Margif said that some individuals had approached him “requesting that I relinquish the hard earned ticket to them, but being the serious minded politician that I am, I felt it will be unwise to toy with the party’s mandate and the peoples’ trust hence my stern refusal to grant their wishes.
“Surprisingly, while I was strategically going on with my campaigns, my attention was drawn to a purported and illegal primary election by some disgruntled political elements who disguised themselves as members of the Labour Party in Plateau State at which one Dr. Patrick Dakum emerged as my replacement.
“While I find that Kangaroo arrangement, which is obviously borne out of desperation laughable, it is imperative I set the records straight. I wish to state clearly that I am the only and authentic governorship candidate of the Labour Party in Plateau State.

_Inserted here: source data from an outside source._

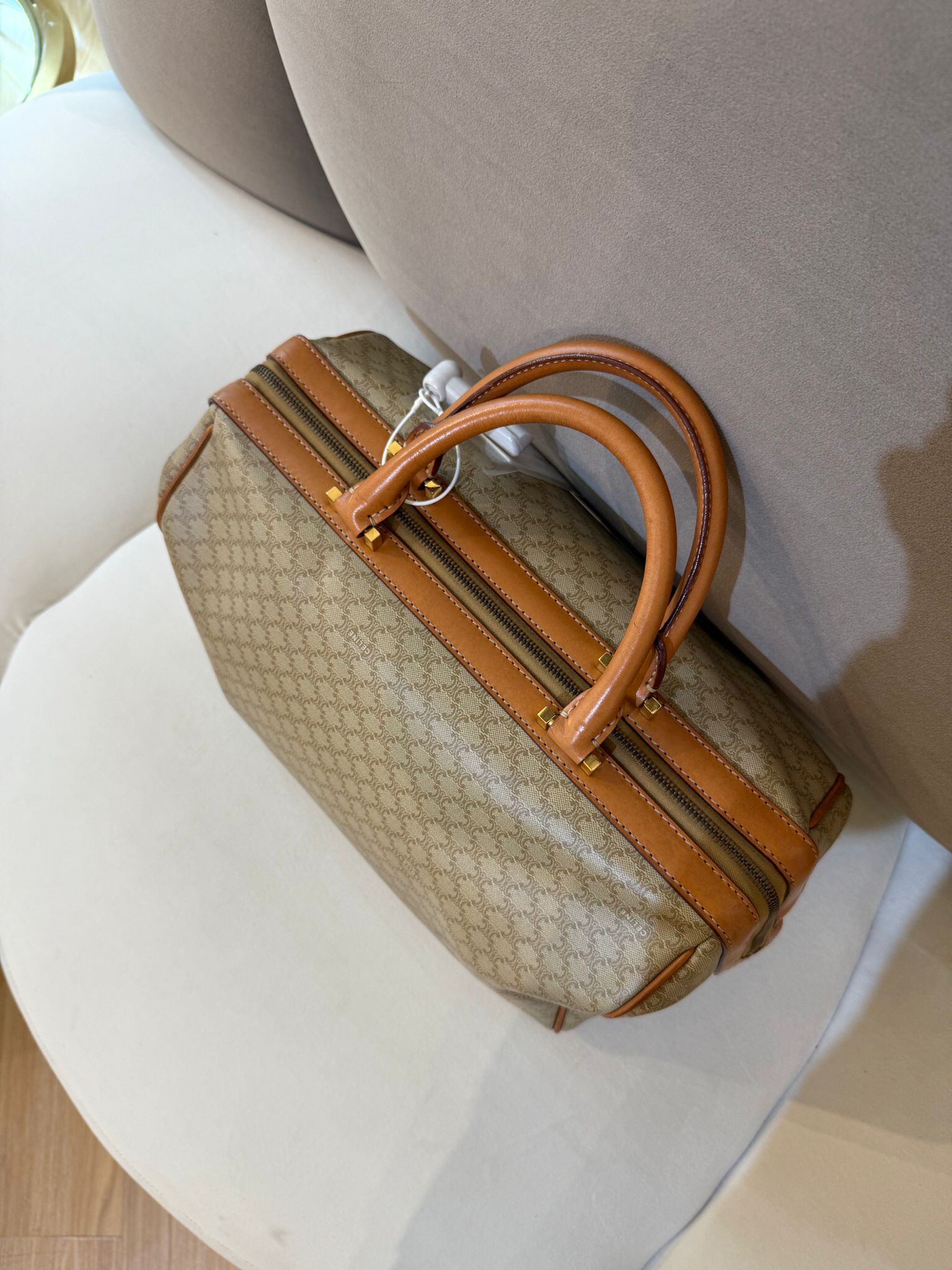 這款 Celine 中古手袋以品牌標誌性的米色 Macadam 老花帆布製成,搭配天然皮革飾邊與圓弧手柄。袋型挺身,既實用又優雅,無論日常或旅行皆適合。
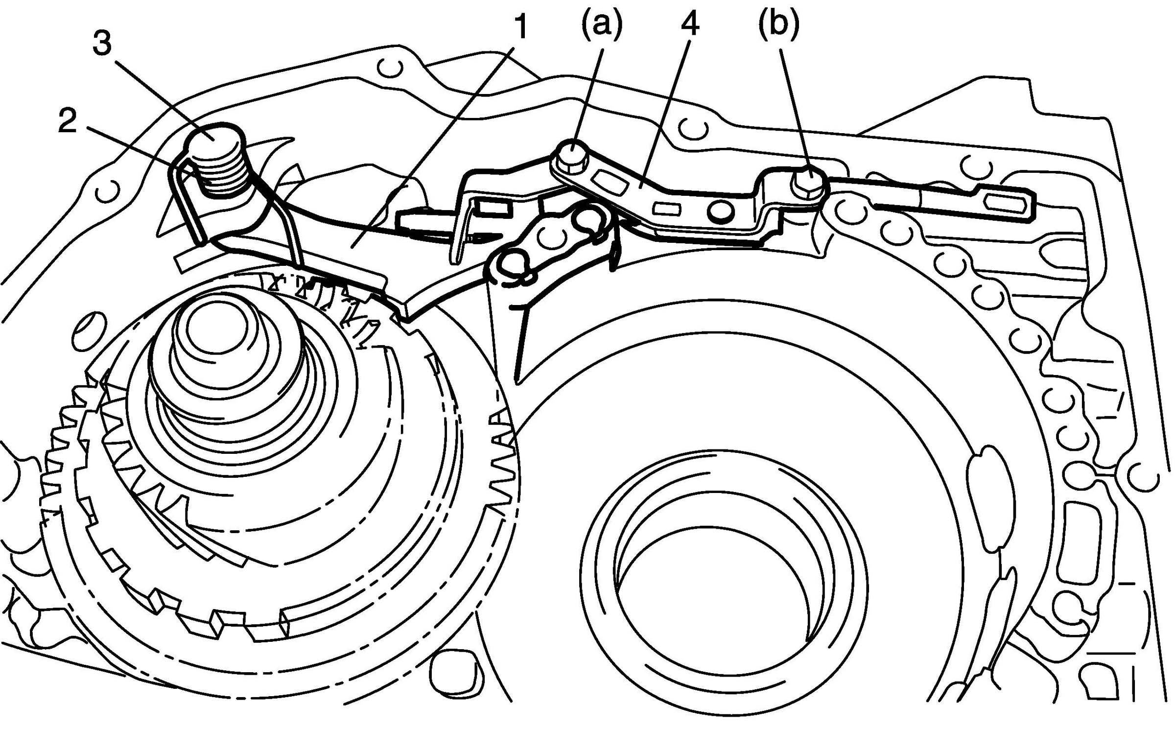 28. Install parking lock pawl bracket and manual detent spring (4) by 2 tightening bolts to specified torque.
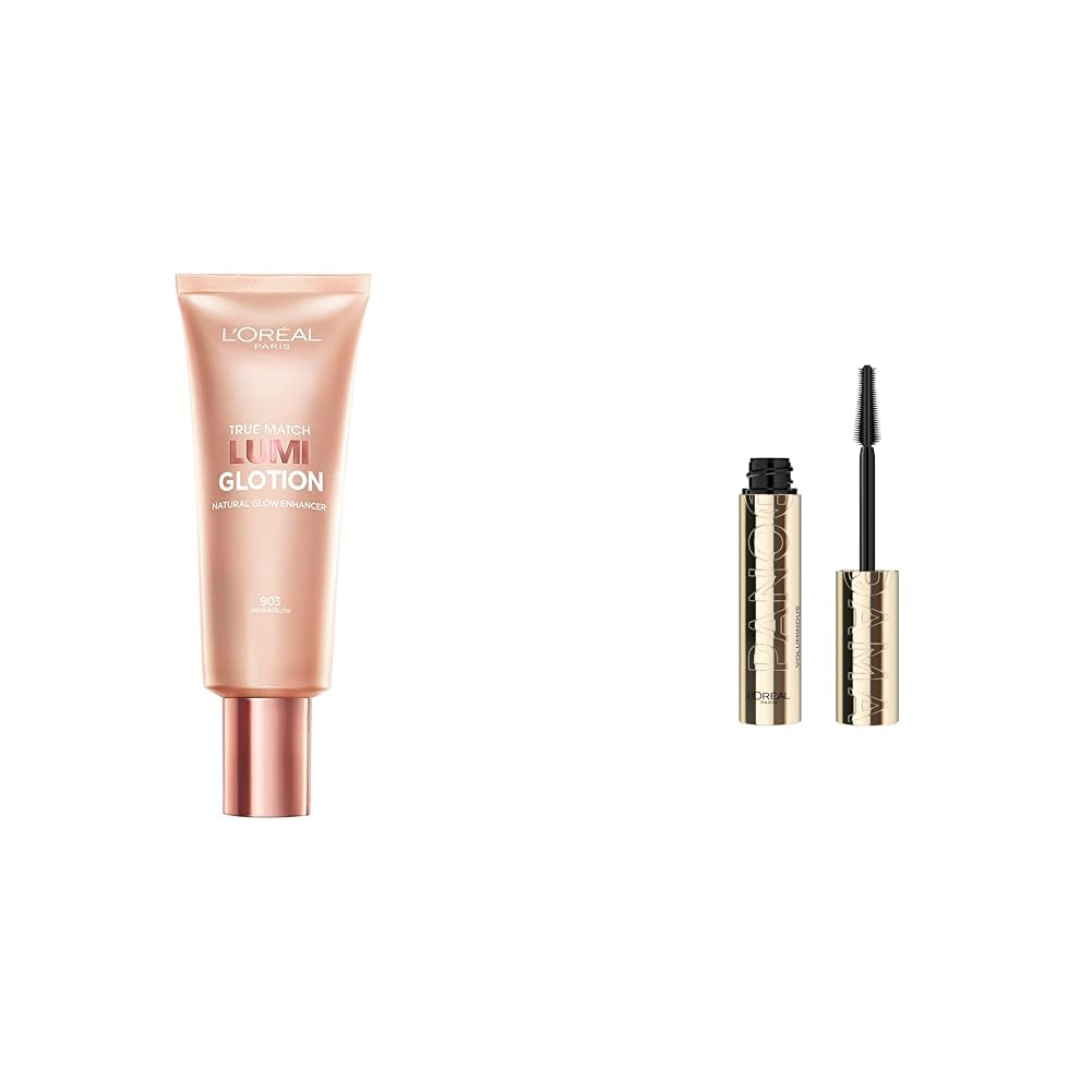 L'Oréal Paris True Match Lumi Glotion Natural Glow Enhancer, Instantly Hydrates and Illuminates Skin, Sheer Color Tint, Offers a Sunkissed Glow, 903 Medium, 40 mL Available in 4 shades for all skintones, True Match LUMI glow lotion can be worn alone, under foundation, or target areas for a more luminous effect. For all over glow: apply under foundation. L'Oréal Paris Voluminous Panorama Mascara, Volumizing and Lengthening Mascara, Washable Longwear and Smudge Resistant Make Up, Blackest Black, 0.33 Fl Oz Are you ready to see life in Panorama? Discover the L'Oréal Paris Voluminous Panorama Mascara which provides corner-to-corner, panoramic volume. Lashes are so fanned out, making your eyes look bigger. Panorama Mascara is suitable for sensitive eyes and is infused with a 5 exclusive stretchflex complex. This ultra-flexible formula extends each lash up and out, volumizing lashes for up to 24H wear. Its multi-level bristle brush contains short long bristles to grab each lash from inner to outer corner and provides a precise application. This volumizing mascara is smudge proof, clump-free and flake resistant.Product 2: MULTI-LEVEL PANORAMIC BRUSH: The multi-level bristle brush catches every lash from inner to outer corner providing an even application from root to tip. Product 2: VOLUMIZING MASCARA: Panorama Mascara provides corner-to-corner, panoramic volume with lashes that are so fanned out, providing up to 1.4x bigger-looking eyes. Product 1: True Match Lumi Glotion's formula is lightweight, blendable, and available in 4 shades to suit different skin tones. Infused with shea butter and glycerin, it keeps your skin hydrated throughout the day, ensuring a flawless, natural glow. Product 1: How to Apply: Apply alone or under makeup. Use lighter shade to illuminate all-over to highlight on high points. Use darker shade to bronze all-over to contour below cheekbones. Product 1: This glow enhancing lotion provides a luminous complexion, leaving your skin looking fresh with a natural sunkissed glow. Can be used on face and body. Product 1: L'Oreal Paris True Match Lumi Glotion is a multi-purpose beauty product that can be used alone, as a primer, under foundation, or to highlight and contour. It hydrates skin and delivers a natural, all-over glow to your skin.
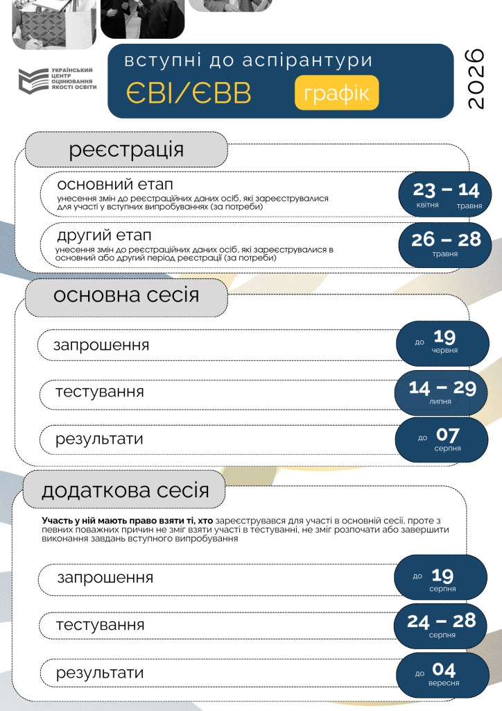До 19 червня учасники, зареєстровані на основну сесію ЄВІ / ЄВВ, отримають на своїх інформаційних сторінках «Кабінет учасника вступних випробувань до аспірантури» запрошення-перепустки, де буде зазначено дату, час і місце проведення тестування, а до 19 серпня – учасники додаткової сесії.
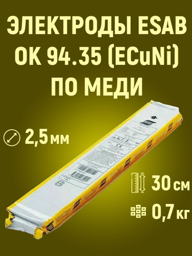 Электроды ESAB OK 94.35 д. 2,5 мм уп. 0,7 кг (ECuNi) по меди (Швеция)
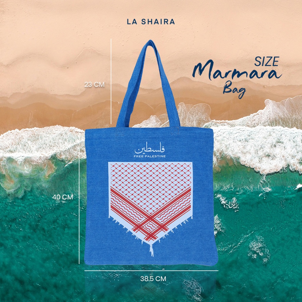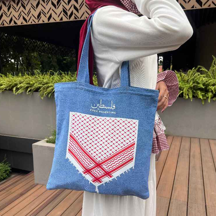 La Shaira Marmara Tote Bag Palestine - Tote Bag Cewek - Tas Denim Muat Laptop
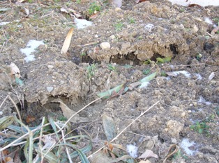 こんにちは、サウルスくんですぅ朝、散歩してたら、何やら怪しい空洞を発見したですぅん~、動物の巣ですかねぇ博士「サウルスくんや、何をしているのかな」あっ、博士変な穴があるですぅ誰が住んでるですかぁ博士「ははは、これは巣じゃないよ」え~っ、じゃあ、何ですかぁ博士「実は霜柱の痕なんじゃ」霜柱なんてないですよぉ博士「この神流町は昨日からとても暖かくて、昨日なんて10℃を超えてしまい、霜柱が溶けてしまったんだね朝晩も冷え込みも緩かったんで、霜柱が成長しなかったんじゃろ」へぇ、そうなんですかぁ博士「あっ、サウルスくん良く見てみると、霜柱が残っているところもあるぞ」ホントですぅ
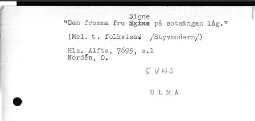 //// I Signe ! //// "Den fromma fru på sotsängen låg." //// . //// (Mel. t. folkvisag /Styvmodern/) //// K ' //// Hls. Älfta, 769.5, s.l //// Norden. 0. //// C //// U L M Å ////
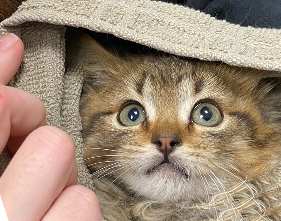Against all odds, the kitten made it through the incredible ordeal. She was freezing and shaking, but eventually calmed down knowing she was in good hands.
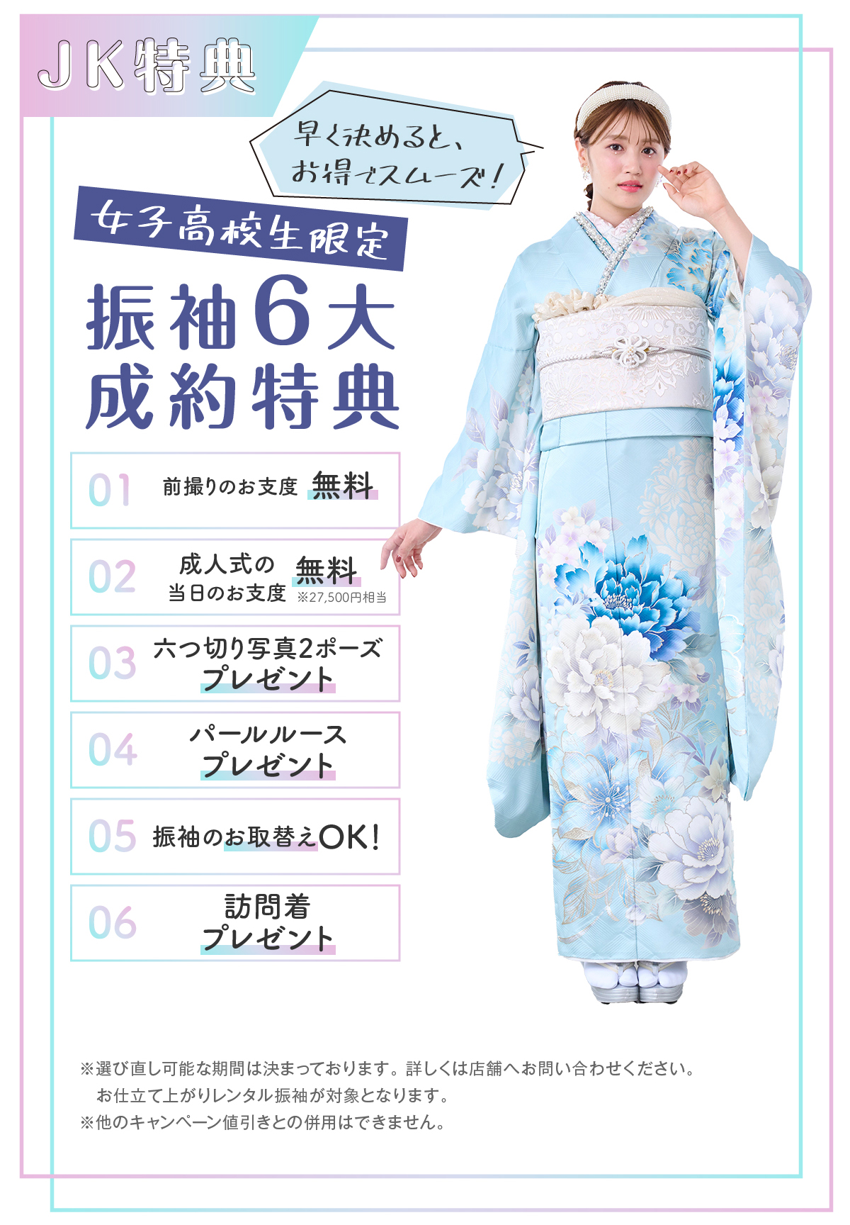 振袖を選ぶおすすめの時期は高校3年生の時です。特に人気のデザインやサイズは早くに予約が埋まることが多いです。さらに、式典当日のお支度時間は先着順のため、早めのご予約で、良いお時間を抑えることができます。

“I wish to state clearly that I have not in any way contemplated withdrawing from the 2023 governorship election in Plateau State and I will not withdraw from the race.
“I am in the contest to win the election and give Plateau people good governance that will enthrone development.
“I am not in the contest to withdraw, and the ticket of the Labour Party in Plateau State is not for sale. Therefore, those who are clamouring for the ticket and misleading gullible people and Nigerians that I have withdrawn from the race should desist forthwith,” he said.
Margif’s insistence on holding on to the ticket has drawn the wrath of his party leadership, which expelled him for anti-party activities.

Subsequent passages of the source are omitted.